Take the Split Symbols game Brazilia, with three female characters and one male. The highest payer is a purple-clad young woman with a gold, bejeweled headband. Let’s say you bet one credit on each of the30 paylines.  If you have one of her on each of the first two reels, you get nothing. But if you see picture once on one symbol and twice on the second, then you have three in a row and get eight credits per winning pay-line. If both have the split symbols, your four-symbol pay rises to 10 per winning line, and it maxes out at 300 credits per winning line if you have five split symbols to make a row of 10 of Miss Purple.

An added feature is that wild symbols count as splits when forming winning combinations with character symbols. So a single image of Miss Purple on the first reel next to a wild symbol is a three-in-a-row win-ner.  However, there are no splits on lower-paying symbols. On Brasilia, those include A, K, Q, and three pieces of jewelry—a butterfly, a gold parrot perched on a fiery jewel, and a snake wrapped around a purple gem. For them, a symbol next to a wild is just two in a row, which is not a winner. The low-payers also have no 10 of a kind possibilities.

One tool that’s become a part of designers kits at virtually very slot-maker is the stacked symbol. IGT has a line of games called Super Stacks with extra-long stacks of repeating symbols, but Aristocrat Technologies has long used stacked symbols, including its Jackpot Streak games Sparkling Royal and Garden of the Amazon, Bally Technologies uses stacked symbols in games such as Ocean’s Glory and stacked multipliers in Wild Rose, and stacked wild symbols are part of the attraction in WMS’ Lancelot and Rome and Egypt.

On a standard video reels slot with five reels that each are three symbols deep, stacked symbols can fill an entire column. And the stacks aren’t just three symbols. They’re long enough that they make an extended, eye-catching display as they whiz buy when the reels spin.

The upside comes when matching stacks completely fill columns. On a 40-line game such as IGT’s Black Widow, if you have matching stacks on the first three, four or five reels, you have winners on all 40 paylines. Even with the lower-paying A-K-Q-J-10 symbols that are common on today’s video slots, and even if the pays are just for three symbols across, 40-line pays will provide a nice bankroll boost to keep you going. And on those rare occasions when the full screen displays the same symbol, the wins are spectacular, with thousands of credits possible even if you wager only one credit per line.

It’s also possible to get smaller pays on fewer paylines. Not all symbols are stacked in all places on the video reel strip. And even with a stack, if the bottom of a stack lands at the top of the playing field, you’ll see only one symbol at the top of a column, with the rest of the stack out of sight. Likewise, you could see the top of a stack at the bottom of a column, with the rest of the stack already passed below.

And, of course, there’s a downside.

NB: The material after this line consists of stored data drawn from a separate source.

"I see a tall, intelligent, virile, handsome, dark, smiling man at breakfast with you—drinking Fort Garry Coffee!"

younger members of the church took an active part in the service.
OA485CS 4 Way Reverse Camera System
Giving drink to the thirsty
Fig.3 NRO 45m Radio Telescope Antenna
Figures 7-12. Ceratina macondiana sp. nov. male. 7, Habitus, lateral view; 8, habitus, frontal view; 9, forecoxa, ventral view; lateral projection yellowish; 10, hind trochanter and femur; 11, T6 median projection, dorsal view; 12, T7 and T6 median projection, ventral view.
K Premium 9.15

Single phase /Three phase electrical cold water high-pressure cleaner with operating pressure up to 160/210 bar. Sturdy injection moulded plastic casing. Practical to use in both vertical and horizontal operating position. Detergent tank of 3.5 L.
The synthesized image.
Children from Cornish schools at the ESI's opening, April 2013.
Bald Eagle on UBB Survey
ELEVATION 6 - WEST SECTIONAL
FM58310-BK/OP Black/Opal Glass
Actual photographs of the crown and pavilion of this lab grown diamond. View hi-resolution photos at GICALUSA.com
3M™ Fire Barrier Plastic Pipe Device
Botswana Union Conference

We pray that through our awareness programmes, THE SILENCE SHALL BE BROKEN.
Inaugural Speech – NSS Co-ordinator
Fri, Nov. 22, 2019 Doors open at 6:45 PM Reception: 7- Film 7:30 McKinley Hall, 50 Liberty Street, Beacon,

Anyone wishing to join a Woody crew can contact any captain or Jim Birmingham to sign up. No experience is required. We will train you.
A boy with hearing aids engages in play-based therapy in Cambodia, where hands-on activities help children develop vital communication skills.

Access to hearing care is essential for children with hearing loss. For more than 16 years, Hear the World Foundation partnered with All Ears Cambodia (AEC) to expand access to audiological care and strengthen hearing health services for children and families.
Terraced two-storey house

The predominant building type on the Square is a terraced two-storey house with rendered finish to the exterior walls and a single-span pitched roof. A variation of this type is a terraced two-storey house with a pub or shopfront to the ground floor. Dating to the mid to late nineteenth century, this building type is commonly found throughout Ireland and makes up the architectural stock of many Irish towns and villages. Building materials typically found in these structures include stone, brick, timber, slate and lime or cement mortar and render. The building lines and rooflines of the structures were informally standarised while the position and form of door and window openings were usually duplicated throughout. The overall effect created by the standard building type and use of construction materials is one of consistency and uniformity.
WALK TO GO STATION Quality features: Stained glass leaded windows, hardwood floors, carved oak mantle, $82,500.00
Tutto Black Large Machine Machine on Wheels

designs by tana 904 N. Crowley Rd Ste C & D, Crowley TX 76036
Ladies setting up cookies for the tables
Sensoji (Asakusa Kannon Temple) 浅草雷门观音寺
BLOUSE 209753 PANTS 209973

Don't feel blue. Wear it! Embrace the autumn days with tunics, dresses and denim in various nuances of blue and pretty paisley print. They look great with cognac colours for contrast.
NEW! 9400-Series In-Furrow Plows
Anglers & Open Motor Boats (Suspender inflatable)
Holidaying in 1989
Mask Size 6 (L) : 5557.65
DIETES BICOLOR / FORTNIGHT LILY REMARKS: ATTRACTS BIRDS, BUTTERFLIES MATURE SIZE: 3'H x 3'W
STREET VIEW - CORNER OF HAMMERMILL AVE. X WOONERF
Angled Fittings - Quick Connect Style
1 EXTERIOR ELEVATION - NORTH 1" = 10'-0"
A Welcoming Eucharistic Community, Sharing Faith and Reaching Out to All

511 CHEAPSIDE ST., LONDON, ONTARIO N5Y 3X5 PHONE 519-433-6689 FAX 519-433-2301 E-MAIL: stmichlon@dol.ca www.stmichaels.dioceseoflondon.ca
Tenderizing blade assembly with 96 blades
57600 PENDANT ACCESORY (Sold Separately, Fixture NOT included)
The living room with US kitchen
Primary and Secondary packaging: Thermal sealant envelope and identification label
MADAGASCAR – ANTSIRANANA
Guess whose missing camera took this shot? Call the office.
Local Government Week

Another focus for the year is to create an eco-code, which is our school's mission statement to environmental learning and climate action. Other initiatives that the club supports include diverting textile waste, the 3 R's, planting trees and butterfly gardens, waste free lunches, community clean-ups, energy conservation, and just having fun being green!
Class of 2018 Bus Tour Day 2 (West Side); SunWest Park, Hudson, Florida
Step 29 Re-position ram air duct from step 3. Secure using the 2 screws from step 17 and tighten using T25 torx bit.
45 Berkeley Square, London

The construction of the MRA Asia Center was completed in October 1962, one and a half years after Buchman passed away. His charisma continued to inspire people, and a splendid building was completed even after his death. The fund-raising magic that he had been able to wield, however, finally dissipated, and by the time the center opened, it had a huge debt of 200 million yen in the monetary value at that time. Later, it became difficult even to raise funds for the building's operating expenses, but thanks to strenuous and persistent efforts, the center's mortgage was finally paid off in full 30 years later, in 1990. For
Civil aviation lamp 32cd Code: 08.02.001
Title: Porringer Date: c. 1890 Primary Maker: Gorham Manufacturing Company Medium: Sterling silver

Stacks can block other small winners. If you have matching symbols on reels 1 and 3, but have a non-matching stack taking up all of reel 2, there are no winners, not even a couple of credits for a one- or two-line win.

What that does is add volatility to the game, with more emphasis on large, multiline wins and less on smaller pays just to keep you going. Adding volality and putting more of your payback percentage is one of the things game makers had to figure out when player demand for video slots shifted from nickel games to penny games. A 200-credit pay on a nickel game is $10 that might buy a lunch buffet, but 200 credits on a penny game is a $2 pay that might buy a couple of bags of chips at the snack bar. Penny slots had to become more volatile, with more of the payback concentrated in bigger pays, to give low-denomination players prizes worth playing for.

Mega Symbols, Split Symbols and stacked symbols all are designed to increase possibilities of large payoffs on the reel-spinning portions of the game. That adds both volatility and intrigue to the games, something to keep you and me engaged while we wait for the next bonus event.